If the chunk size blsize=1, then we want to generate the numbers one by one and actually no chunks are generated. The following code is used in this case:
dbtype measuredec2base 21:25
21 tic; 22 for i = 1:maxnum, 23 n = mydec2base(i,base); 24 end 25 t(ibase, iblsize) = toc;
If the chunk size blsize>1, then we need to construct the array representing the respective chunk of numbers. The following code is used here:
dbtype measuredec2base 27:33
27 tic; 28 d = 0:blsize-1; 29 for i = 1:round(maxnum/blsize), 30 n = mydec2base(d,base); 31 d = d + blsize; 32 end 33 t(ibase, iblsize) = toc;
Time demands: Method 2 benchmarking
The code for measuring the time demands of enumerating the numbers using the CounterInBase class is the same, independent of the chunk size blsize:
dbtype measureCounterInBase 20:25
20 tic; 21 c = CounterInBase(base); 22 for i = 1:round(maxnum/blsize), 23 n = c.next(blsize); 24 end 25 t(ibase, iblsize) = toc;
Time demands: Comparison
Let's measure the time needed to enumerate the maxnum numbers when varying the base and the chunk size blsize.
maxnum = 1e5; bases = space125(2,100); blsizes = space125(1,1000); tD = measuredec2base(maxnum, bases, blsizes) tC = measureCounterInBase(maxnum, bases, blsizes)
tD =
4.2289 2.4874 1.0969 0.6264 0.3961 0.2562 0.2058 0.1839 0.1932 0.1636
3.8217 2.0557 0.8820 0.4918 0.2913 0.1723 0.1342 0.1135 0.1003 0.1024
3.4145 1.9043 0.8144 0.4356 0.2526 0.1396 0.1033 0.0885 0.0736 0.0697
3.3694 1.8698 0.7816 0.4163 0.2348 0.1254 0.0895 0.0735 0.0606 0.0572
3.2603 1.8103 0.7414 0.3960 0.2164 0.1113 0.0768 0.0605 0.0562 0.0441
3.3445 1.9029 0.7767 0.4130 0.2245 0.1147 0.0769 0.0598 0.0478 0.0439
tC =
2.0581 1.1255 0.5433 0.3503 0.2588 0.1978 0.1762 0.1672 0.1630 0.1589
2.0236 1.1394 0.5420 0.3280 0.2334 0.1743 0.1562 0.1471 0.1413 0.1380
2.0310 1.1224 0.5140 0.3241 0.2256 0.1707 0.1472 0.1384 0.1309 0.1294
2.0152 1.0893 0.5135 0.3198 0.2253 0.1692 0.1481 0.1373 0.1295 0.1290
2.0104 1.0778 0.5115 0.3438 0.2216 0.1645 0.1449 0.1350 0.1301 0.1267
2.0127 1.0799 0.5151 0.3184 0.2284 0.1669 0.1708 0.1390 0.1272 0.1302
As can be seen from the results, the CounterInBase is indeed faster than the for loop with conversion function for a broad range of settings. Let's look at the speedup graphically:
plotSpeedup(tD./tC, bases, blsizes); print -dpng -r72 screenshot.png
The maximal speedup is around 2.3 for counting in base 2 with chunk size 2. For low chunk size and low base, the speedup is substantial. For counting in large bases (base>100), the enumeration using CounterInBase becomes inefficient for chunk sizes larger than 20; from that point the CounterInBase class is actually slower than using the base-conversion function in a for loop.

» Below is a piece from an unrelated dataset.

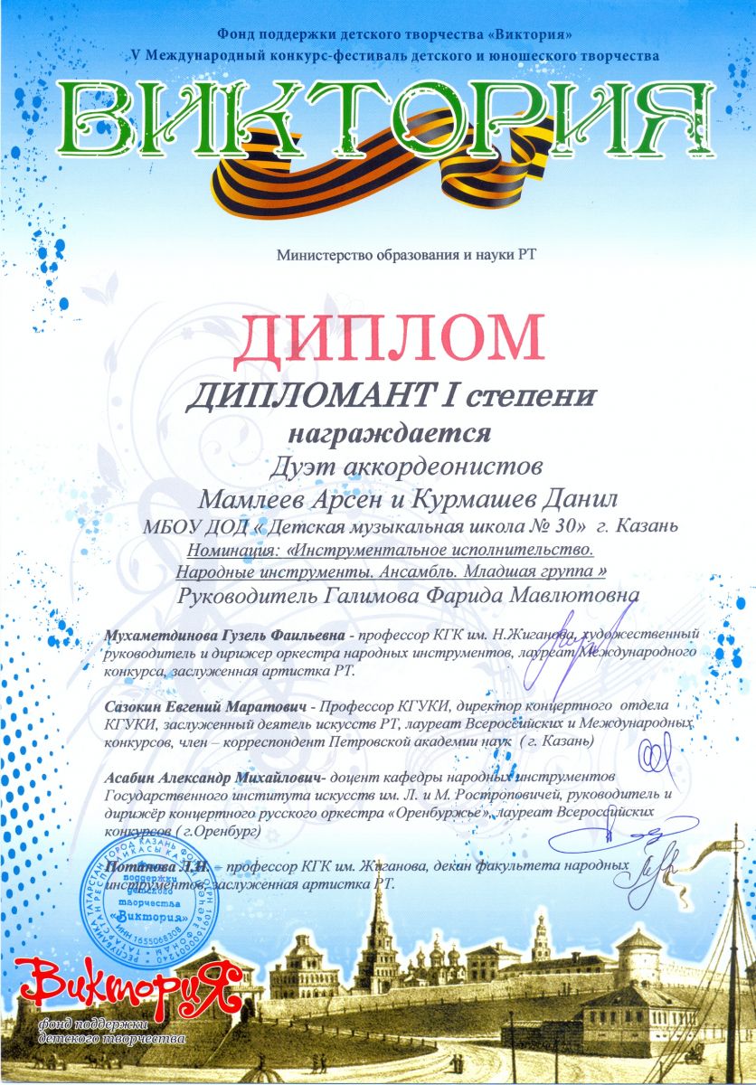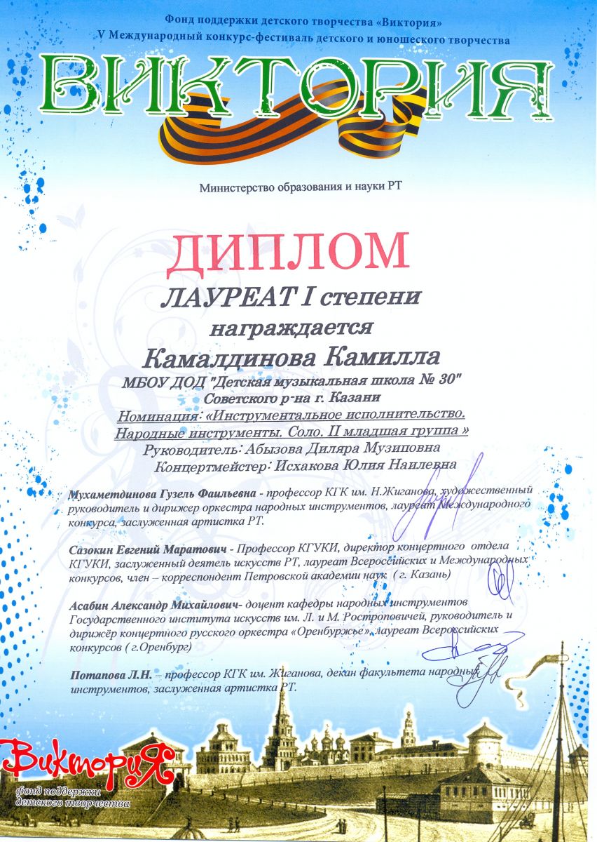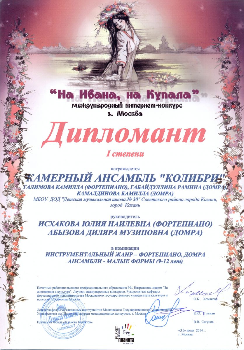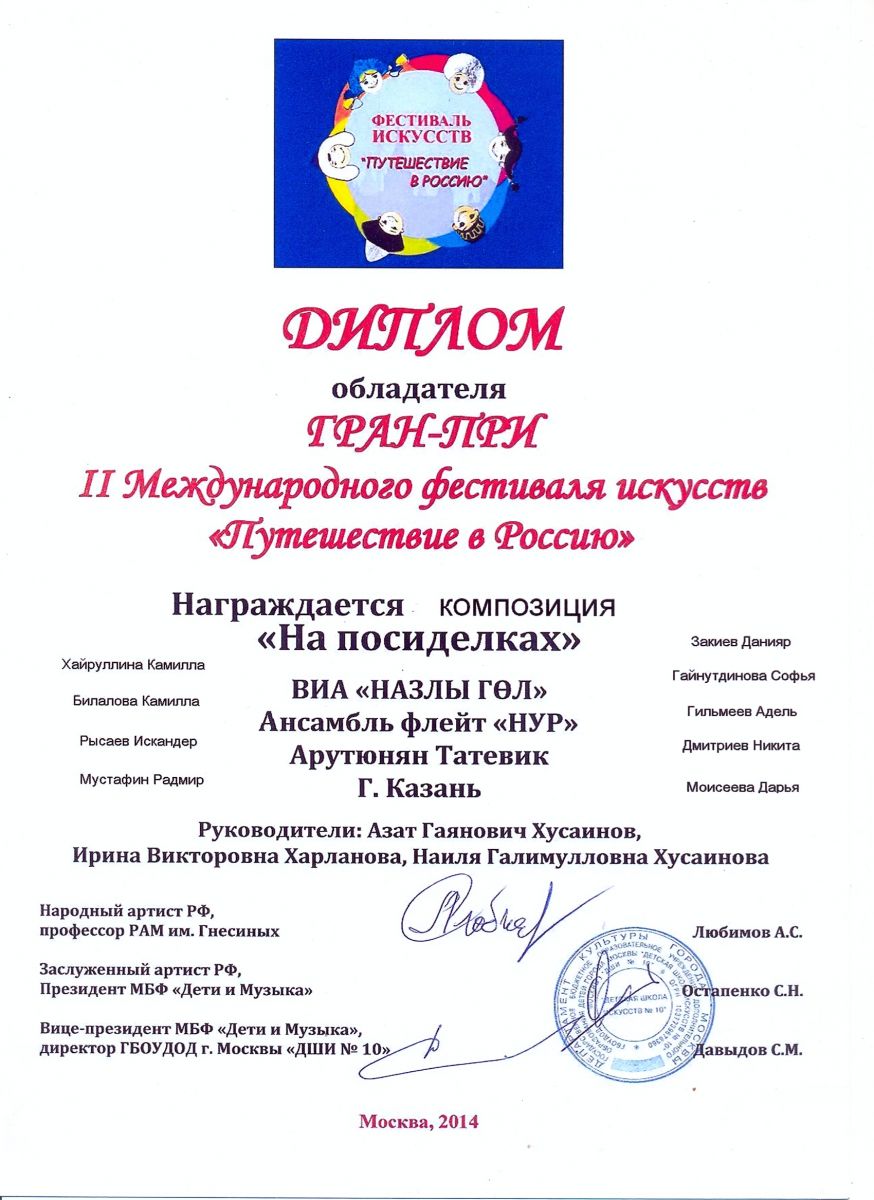 Международный семинар любителей музыкального музицирования – Назметдинова Диана – сертификат

We can look at the boundary where both methods are almost equivalent from another perspective (see the bold yellow line in th next picture). The CounterInBase is more efficient for the parameter combinations on the left of the yellow boundary, the for loop and base-conversion function win on the right side of the boundary.
plotSpeedupContour(tD./tC, bases, blsizes);
Conclusions
If you are about to enumerate numbers in certain base and you cannot process them in chunks larger than, say, 20, you should use the CounterInBase class.

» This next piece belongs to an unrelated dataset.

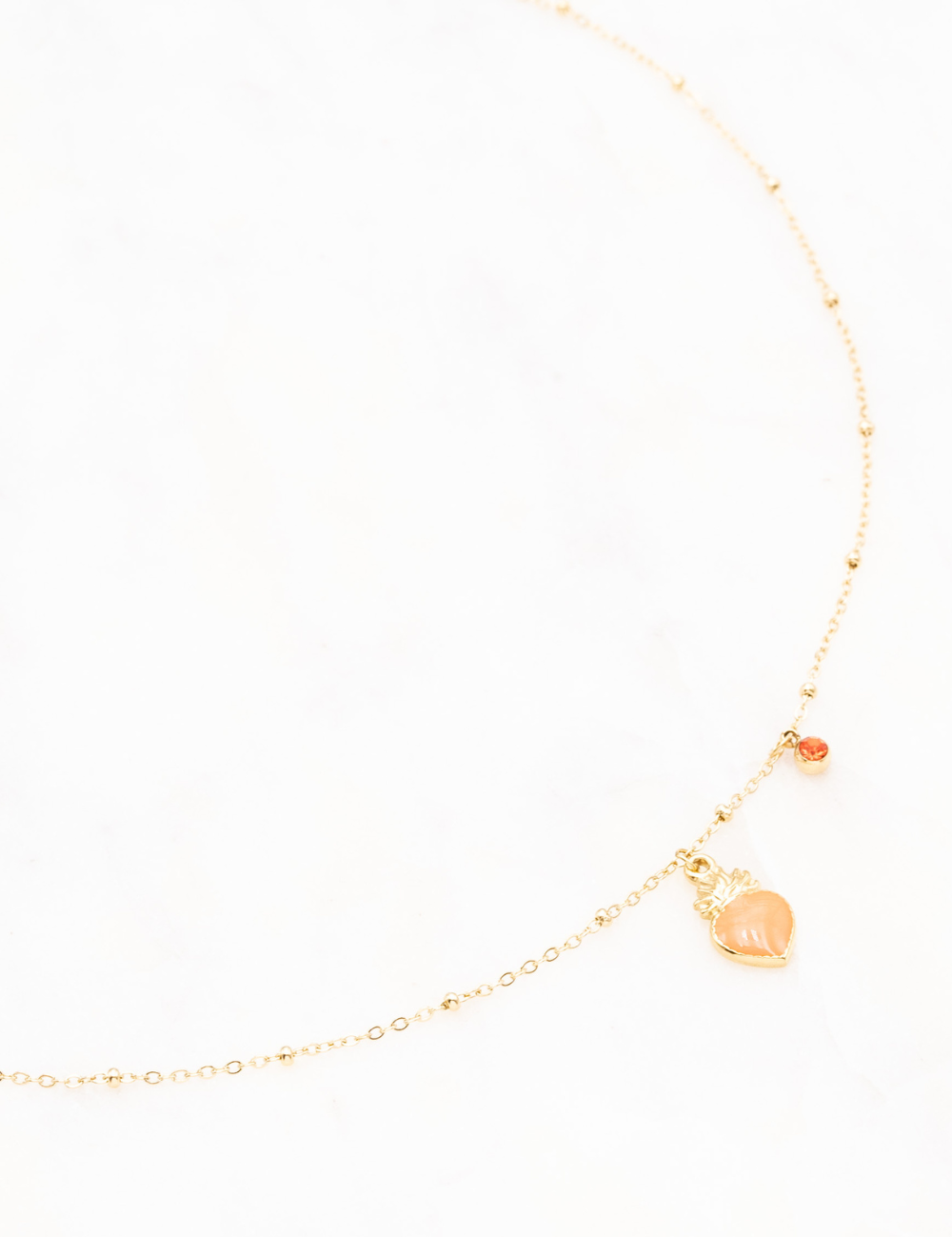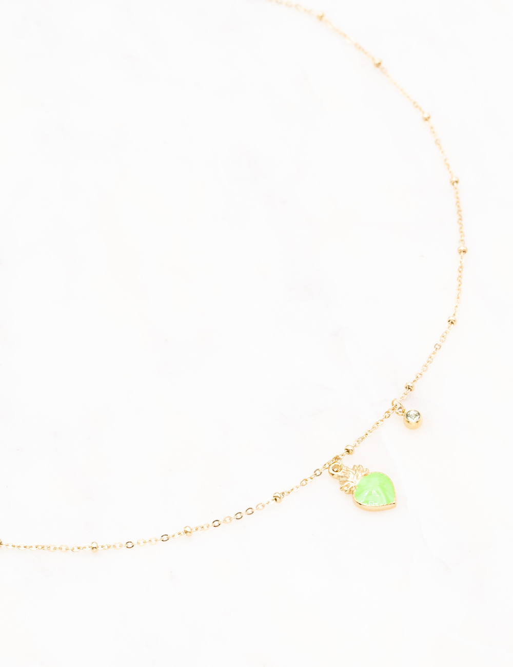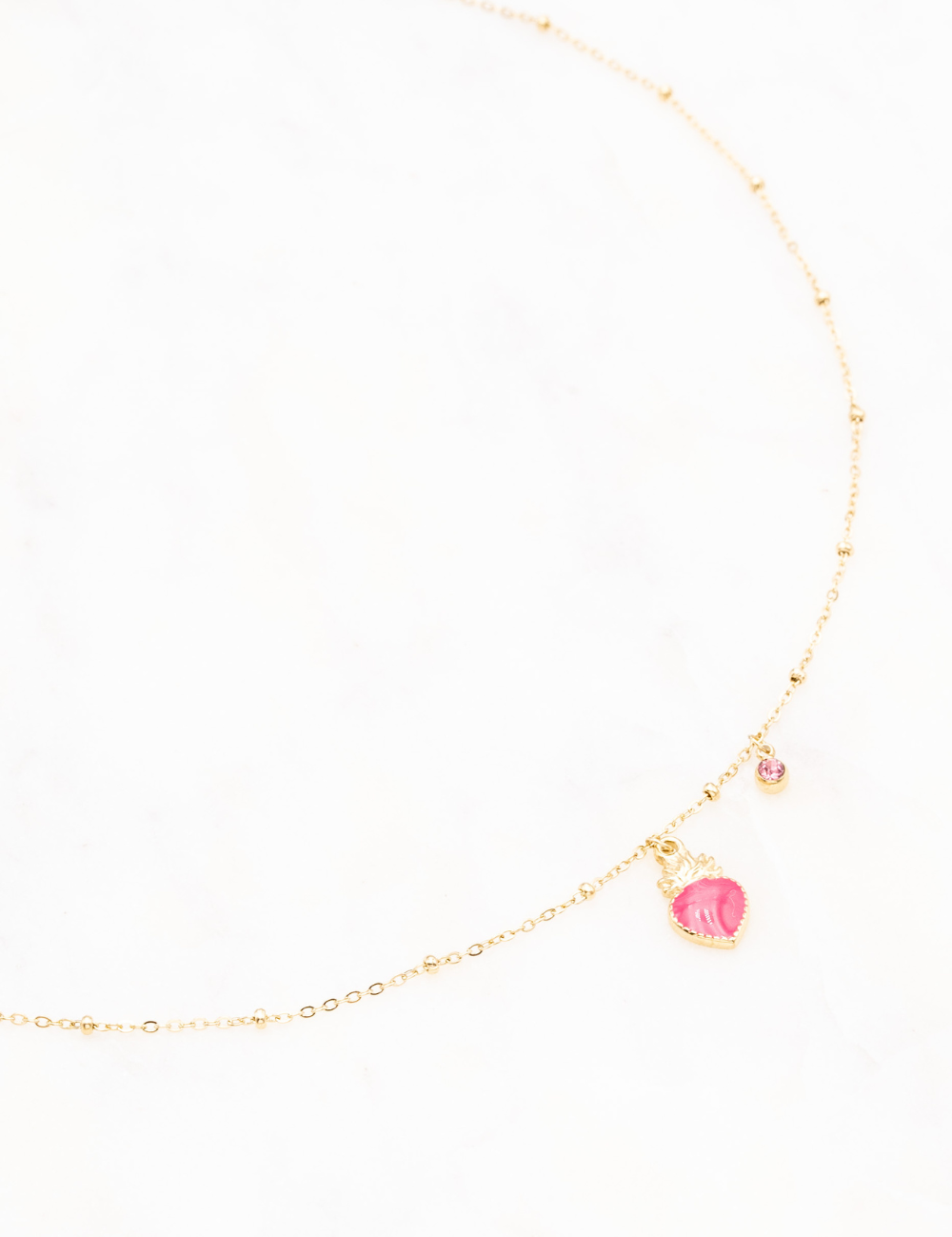 Collier réglable sur chaîne composé d'une pampille ronde sertie d'un strass et d'un pendentif coeur coloré émaillé.

If your primary concern is not the speed, but rather a clear and readable code, you may profit from the friendly interface of the class as well.
The speedup (or slowdown) factor as reported in this document holds, when nothing time consuming is done with the generated numbers (which is not a realistic assumption). In the case when you need to use the generated number for something non-trivial, the difference between both methods will become negligible. In that situation, the friendly interface may persuade you to use this class.